Record-Breaking Nanowire Transistors

Electronics: Transistors made from gallium arsenide nanowires shatter previous speed records, demonstrating that the materials could provide an alternative to silicon

by Katherine Bourzac
December 23, 2014

NANOWIRED
Micrographs of gallium arsenide transistors.
Credit: Nano Lett.
A transistor made from gallium arsenide nanowires (left) is topped with three electrodes—a source, drain, and gate. The long nanowires are just visible beneath a barrier layer (orange) and the electrodes (yellow). The gate switches the transistor between insulating and conducting states, and, in the conducting state, charges flow from the source electrode to the drain. Researchers fabricated a 1.5- by 1.5-cm chip with 115 of these transistors (right).

For decades, computer chip manufacturers have been shrinking silicon transistors to increase the computing power of their chips. The tiniest silicon transistors in production today are just 14 nm wide. But the march of miniaturization may come to an end within the next decade.

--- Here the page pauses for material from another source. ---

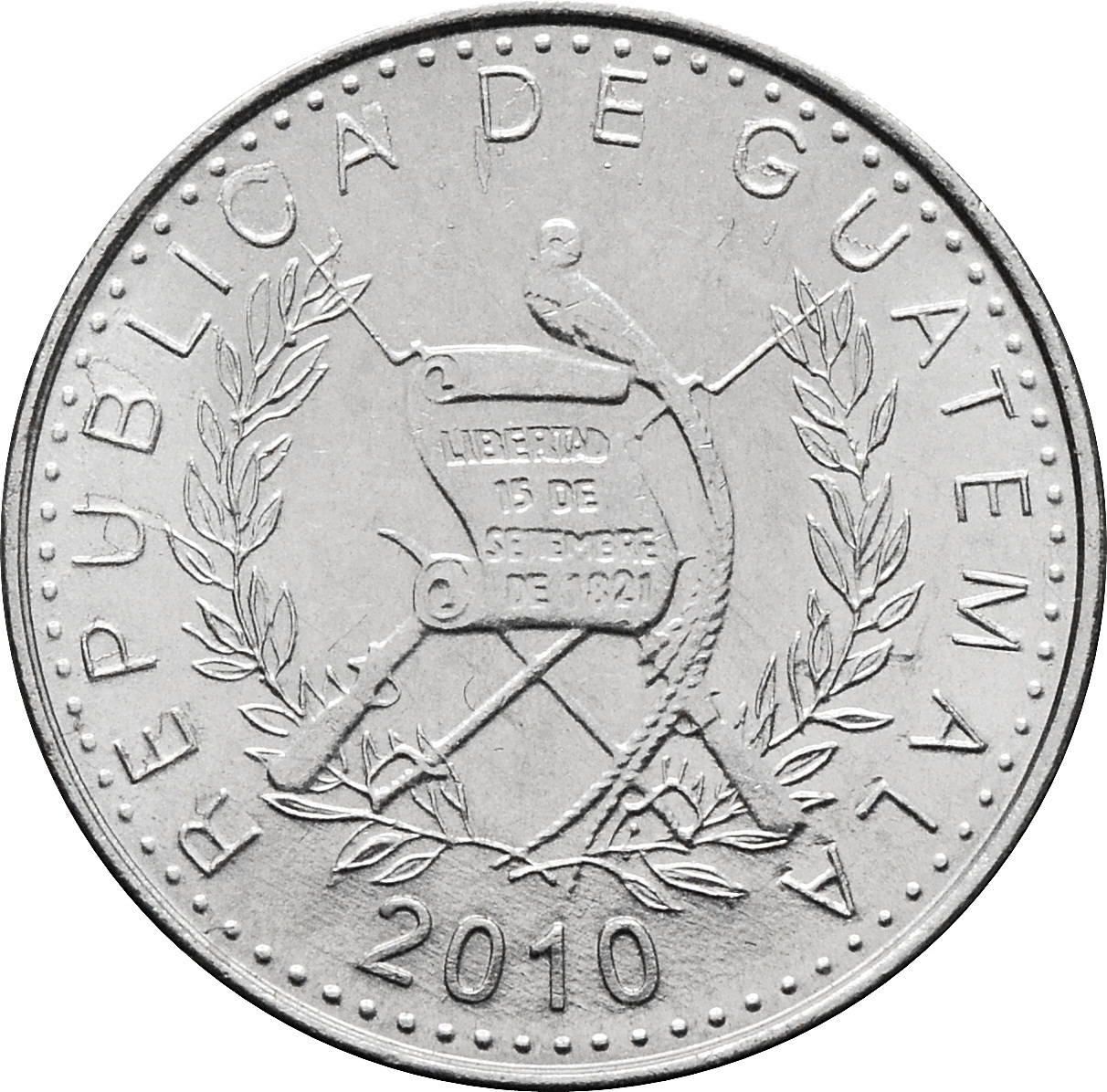 Аверс: в центре государственный герб Гватемалы, надпись по канту: "REPUBLICA DE GUATEMALA". Внизу расположен год чеканки монеты: "2010".

To push past that limit, researchers are working on transistor designs that rely on materials with better electrical properties than silicon. Now researchers have made high-performance transistors from a promising candidate material: gallium arsenide nanowires (Nano Lett. 2014, DOI: 10.1021/nl503596j).

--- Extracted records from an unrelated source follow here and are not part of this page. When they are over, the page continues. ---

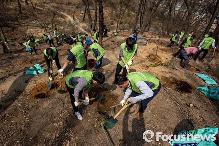 (서울=포커스뉴스) 1일 오후 서울 동대문구 배봉산에서 동대문구청 직원들이 식목일을 앞두고 나무를 심고 있다.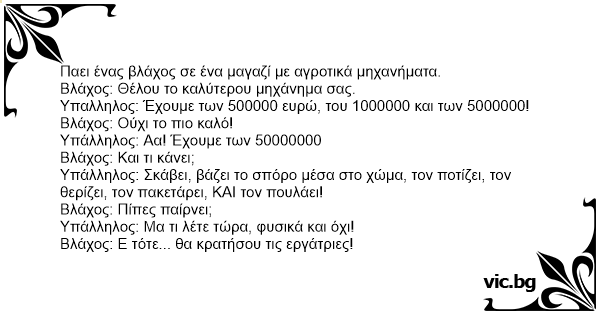Παει ένας βλάχος σε ένα μαγαζί με αγροτικά μηχανήματα.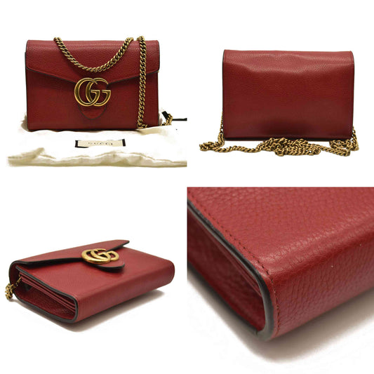 Gucci Calfskin GG Marmont Chain Wallet Vulcanic Red

GaAs is a III/V semiconductor—each member of the family contains an element from the third and fifth columns of the periodic table. These materials have higher charge mobility than silicon, which should allow III/V transistors to switch on and off faster than silicon-based devices.

One challenge is cost. GaAs wafers are much more expensive and far smaller than silicon wafers, meaning manufacturers wouldn’t be able to make as many chips at once as they do with silicon to keep chip costs down. Nanowires offer a way around the wafer problem, because they should use less material.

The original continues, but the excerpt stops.